Louis Armstrong: 16 Most

Requested Songs

Columbia/Sony Music

CD, Rs. 395

A couple of factors might lead one to expect this album to have rather less jazz and more pop in it than it actually turns out to have. One is the boast of "most requested" for the tracks it contains, another the period from which it originates, the later '50s with one track from 1966. For Louis Armstrong, more or less the father of scat singing and the man who invented solo improvisation in jazz with his 1928 recording of "West End Blues", had become a popular entertainer by the 1940s, acted successfully in movies and generally provoked critics into thinking he'd given up jazz.
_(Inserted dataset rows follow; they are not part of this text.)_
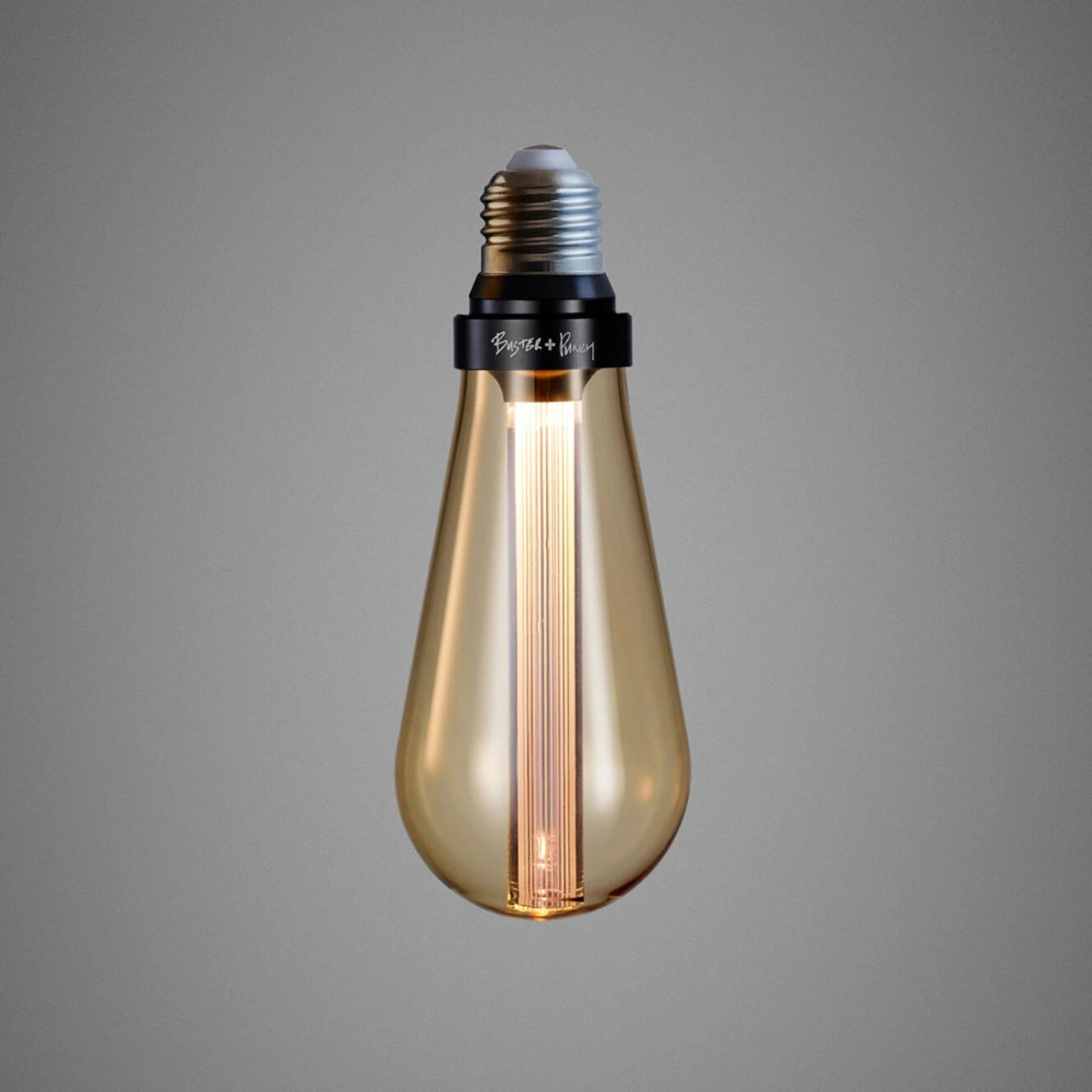 Mit diesem Designer-LED-Leuchtmittel lassen sich speziell offene und schirmlose Leuchten passend bestücken. Der Clou ist der zentrale Harzlichtleiter, welcher das Licht direkt nach unten und dezent zu den Seiten lenkt. Mit dem golden-transparenten Kolben gewinnt die Lampe zusätzlich an Wärme.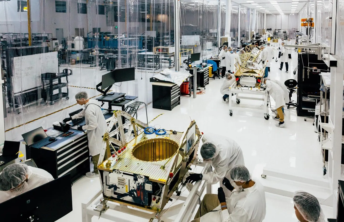 Phía sau màn hình giám sát, bên trong một phòng sạch được ngăn cách bởi tấm màn nhựa vinyl trong suốt, các kỹ thuật viên đội mũ trùm tóc đang miệt mài làm việc trên một chiếc vệ tinh Aries khác. Thiết bị này được đặt trên bệ có bánh lăn tại một trong sáu trạm thuộc dây chuyền lắp ráp của Apex. Cinnamon khẳng định đây chính là làn sóng của tương lai trong ngành công nghiệp vệ tinh, nơi mà từ trước đến nay, các nhà máy thường chỉ chế tạo đơn lẻ từng chiếc một. Ông dự kiến sẽ sản xuất hàng chục vệ tinh mỗi tháng tại nhà máy này.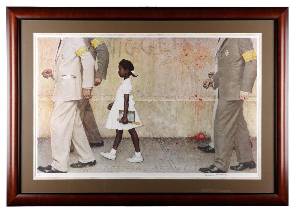 Large framed and matted Norman Rockwell hand signed limited edition (50/200) Collotype entitled “Problem We All Live With”, approximately 35” x 50” overall; with Certificate of Authenticity from Art/Show Galleries, LTD., Chatsworth, CA.;current listings indicate value of $7,500 unframed. Est.: $3,000-$6,000.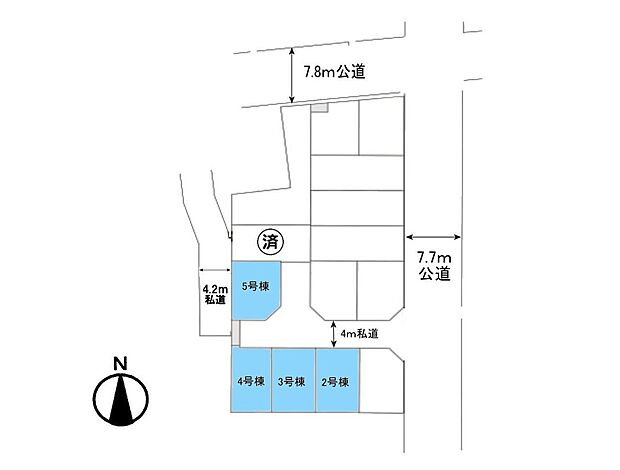 • 5号棟【前面道路4m】車の通行が少ないので、静かな住環境を維持することができます。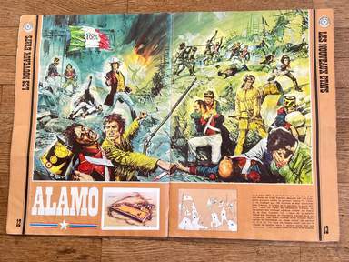 • Album di figurine , edizione Super Raf , del 1973 , originale , EROI E LEGGENDE AI TEMPI DEI PIONIERI , FARWEST , COMPLETO , 267 figurine ; di cui 189 classiche e 78 sagomate . Le immagini della raccolta , raffigurano gli eroi e le leggende al tempo dei pionieri dell'ovest degli Stati Uniti d' America e ripercorre la storia Usa agli inizi dell'800 , con l'esodo dei coloni verso ovest e gli inevitabili scontri con gli occupanti naturali di quei territori , gli indiani. l'album ripercorre perfettamente la sequenza con i seguenti argomenti : L' America dei pellerossa , il villaggio indiano , i primi coloni , rivoluzione ed indipendenza , i nuovi stati , Alamo , go west , i cercatori d'oro , la guerra di secessione , Gettysburg , i cow-boys , il ranch , mezzi di trasporto , le guerre indiane , Little Big Horn , legge ed ordine , attacco al treno , il rodeo . album in condizione generale ,come da foto.

In fact, in 1947 he returned to the traditional small group set-up on which he'd cut his teeth, with a trombone, a clarinet, drums and bass besides himself on trumpet and vocals, and was playing plenty of jazz of the kind from which his 1920s innovations flowed. This was both popular and true jazz, if a trifle old-fashioned for the time.

Or so it would have seemed in the hands or from the mouth of anyone else. From his lips, whether singing or blowing through a trumpet, one only hears the power, the beauty, the almost unbelievable range — especially the upper register — and astonishing virtuosity, to say nothing of the impeccably flowing phrasing, of the man who decided what jazz had to be with that 1928 solo intro on "West End Blues". And if he doesn't improvise on some of the tracks (of which a couple don't have solos by anyone else either), it doesn't matter, because none of them has the faintest suspicion of deviating from jazz into pop; while they're all popular, they're suffused with the spirit of jazz at the same time.
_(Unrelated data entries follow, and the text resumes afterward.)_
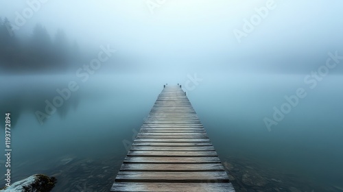© Fightstar, Obraz premium Wooden pier extending into misty lake with softly blurred edges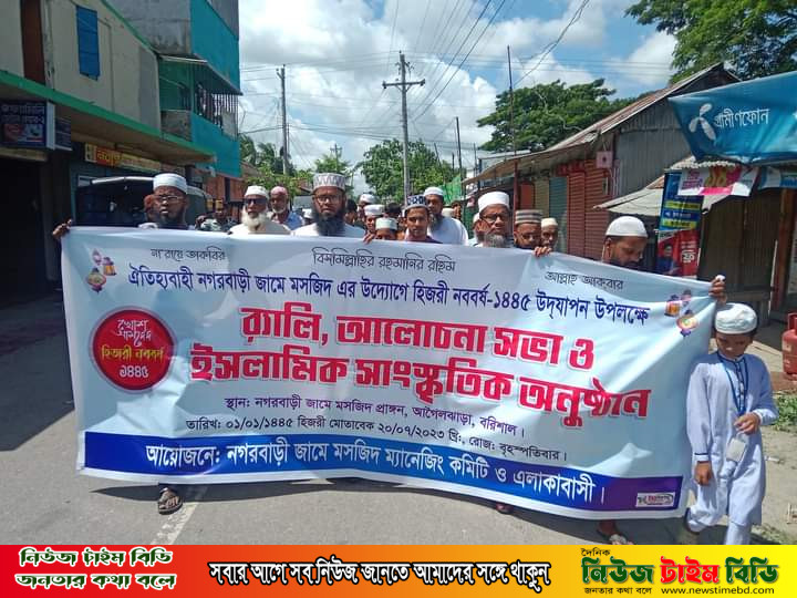 বরিশাল জেলার আগৈলঝাড়া উপজেলার ঐতিহ্যবাহী নগরবাড়ী কেন্দ্রীয় জামে মসজিদের উদ্যোগে হিজরী নববর্ষ -১৪৪৫ উদযাপন উপলক্ষে এক বিরাট র্র্যালির আয়োজন করা হয়, উক্ত র্র্যালি আগৈলঝাড়া উপজেলা চত্বর সহ বিভিন্ন পথ প্রদক্ষিণ করে নগরবাড়ী কেন্দ্রীয় জামে মসজিদ প্রাঙ্গনে গিয়ে সমাপ্ত করা হয়,পড়ে বিভিন্ন আয়োজনের মধ্য দিয়ে হিজরী নববর্ষ ১৪৪৫ উপলক্ষে ঐতিহ্যবাহী নগরবাড়ী কেন্দ্রীয় জামে মসজিদের উদ্যোগে আলোচনা সভা ও ইসলামিক সাংস্কৃতিক অনুষ্ঠানের আয়োজন করা হয়েছে, ০১/০১/১৪৪৫ হিজরী,মোতাবেক ২০/০৭/২০২৩ খ্রিঃ রোজ বৃহস্পতিবার, আয়োজনেঃ- নগরবাড়ী কেন্দ্রীয় জামে মসজিদ ম্যানেজিং কমিটি ও এলাকাবাসী।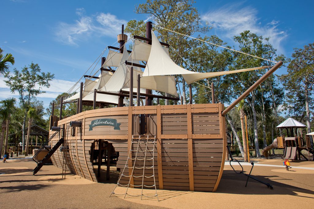 Hilton Head Island boasts an array of recreational parks and community parks, but Lowcountry Celebration Park near Coligny Plaza emerges as an undisputed favorite for the kids. This dynamic destination playground features a 1,400 square-foot Adventure ship playground mimicking Captain William Hilton’s vessel, loaded with climbers, slides, tunnels, misting cannons, interactive activity panels, and more! Just a short stroll away, families can extend their adventure to the sun-kissed shores of Coligny Beach Park, as well as shops, restaurants, and family fun at Coligny Plaza.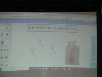 授業のねらいは「デザインキーホルダーを作ろう」でした。生徒は自分のデザインしたキーホルダーを作るために、一生懸命にたくさんのアイディアを考えていました。とても楽しそうに授業に参加していました。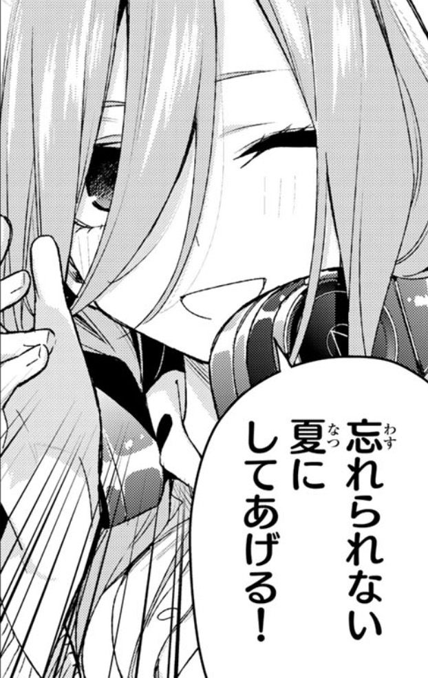 それでも今後の話の中で学校イベントへの参加は難しいでしょうし、プライベートの際も一花ただ一人が都合により不在となる口実はできたので出番は減ってしまうことになるでしょう。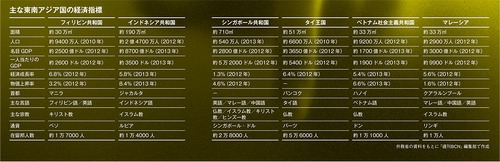 フィリピンの人口は1億弱、2012年の名目GDPは約2500億ドルで成長率は約7%。人口やGDPはトップではないが、成長率についてはASEANのなかで1位を獲得している。多くの日本のITベンダーが進出する東南アジアの国は、シンガポールやタイ、ベトナムで、フィリピンはあまり聞かないが、成長力という指標だけでみると、この国は最有力候補だ。フィリピンの主な経済指標や基本情報を表にまとめた。この表以外の情報は、外務省やJETRO(日本貿易振興機構)、IMF(国際通貨基金)などの団体のウェブサイトで、より詳細に把握することができる。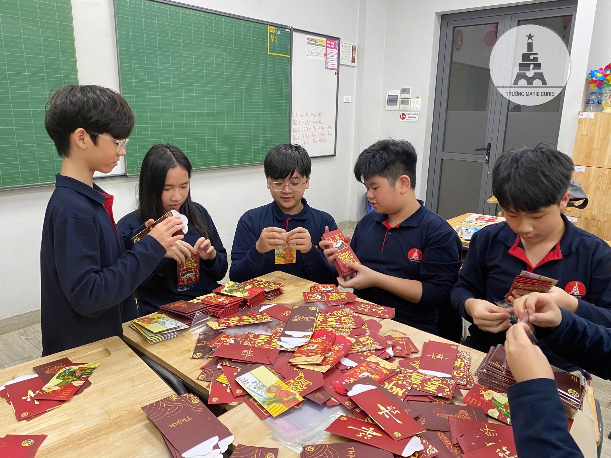 Trong khi đó, tập thể 8P4 đã trao 100 suất quà gồm bánh chưng và tiền lì xì cho các bệnh nhân ở khoa Ung bướu, bệnh viện Bạch Mai, Hà Nội. Theo cô chủ nhiệm Nguyễn Thủy, hoạt động thiết kế bao lì xì để bán gây quỹ của các học trò đã nhận được sự ủng hộ tích cực của các bố mẹ, thầy trò trong trường, thu về được gần 13 triệu đồng.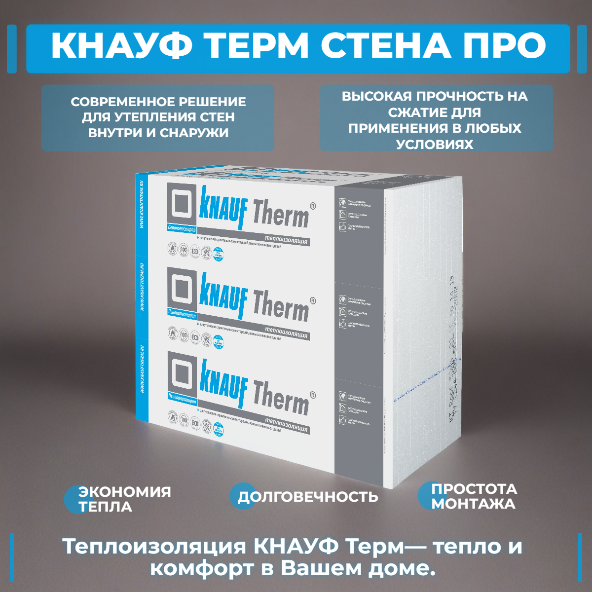 KNAUF Therm® Пенопласт Стена PRO 1000?1200 мм — влагостойкие теплоизоляционные плиты из пенополистирола для утепления различных видов стен в частном и профессиональном строительстве. Материал удобен для каркасных технологий и многослойных стеновых конструкций: плиты помогают снизить теплопотери, повысить энергоэффективность здания и сохранить комфортный микроклимат. По данным производителя, KNAUF Therm® Стена PRO соответствует ППС12, не деформируется в процессе эксплуатации и подходит для задач, где важны стабильная геометрия и предсказуемые свойства утеплителя. Серия Стена PRO обладает теплопроводностью в сухом состоянии 0,042 Вт/м·°С, водопоглощением при полном погружении не более 2%, а прочность на сжатие при 10% деформации — не менее 0,06 МПа. Это делает материал практичным выбором для стеновых систем, где требуется влагостойкость и достаточная прочность плит при монтаже.

At least five tracks are taken from his 1955 album Satch Plays Fats, containing compositions by his late good friend Fats Waller. "Black and Blue", "Ain't Misbehavin'", "Honeysuckle Rose", from among these, "Mack the Knife" (from Bertolt Brecht's Threepenny Opera) and "St. Louis Blues" (from Armstrong Plays Handy, comprising music by the blues master W.C. Handy) are the pick of the album. Especially the last.
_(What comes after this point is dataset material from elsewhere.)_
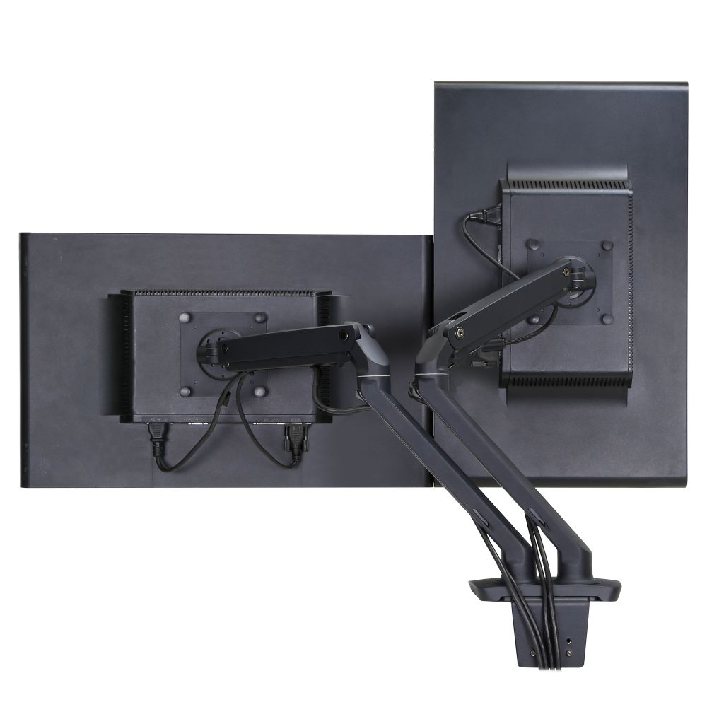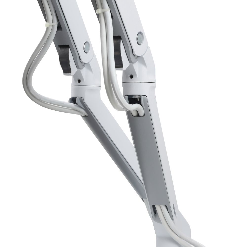 - 貴重な机のスペースをケーブル管理システムで節約し、外形を狭くして—25% LX アームより細くしました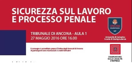 Convegno Sicurezza sul Lavoro e Processo Penale – Ancona 27 maggio 2016 – Tribunale di Ancona Aula 1 ore 16,00.

Count Basie: King of Swing

Verve/Universal Music

CD, Rs. 395

Record publishers can be tantalisingly slap-dash with what I think is the most expensive part of a CD, the inlay booklet. To the cost of the dedicated collector, who'd like to know when a jazz album was recorded and who besides the leader played on it. But in this information age, such omissions can often be quickly rectified by checking the Internet (the site www.allmusic.com of the All Music Guide, for instance). Alas, no such luck in this case, beyond confirming that the album was originally recorded around 1955, when Bill `Count' Basie was marking, as the back cover of this CD says, two decades as the leader of the most swinging big band in the history of jazz.

It's not only this lack of information but also the shortness of the album (some 34 minutes) that gives me pause before declaring that it's worth all the nearly Rs. 400 it costs. But that momentary pause passes when one considers the quality of the music one gets.

Every track is just around three to four minutes long. But in that much time the Basie band, with its brilliant soloists on trumpets and tenor saxophones plus the leader himself on piano, manages to pack in excitement, a relentless rhythm laid down by piano, bass, drums and guitar, and danceability. In fact "danceability" is a rather poor word for the ability to successfully challenge the audience's ability to resist jumping to its collective feet.

Look out especially for "You for Me", with its piano solo intro, the Count's soft and light fingers working the keys at a blistering pace. But all 10 numbers convincingly establish the claim of the title that puts a count on the throne.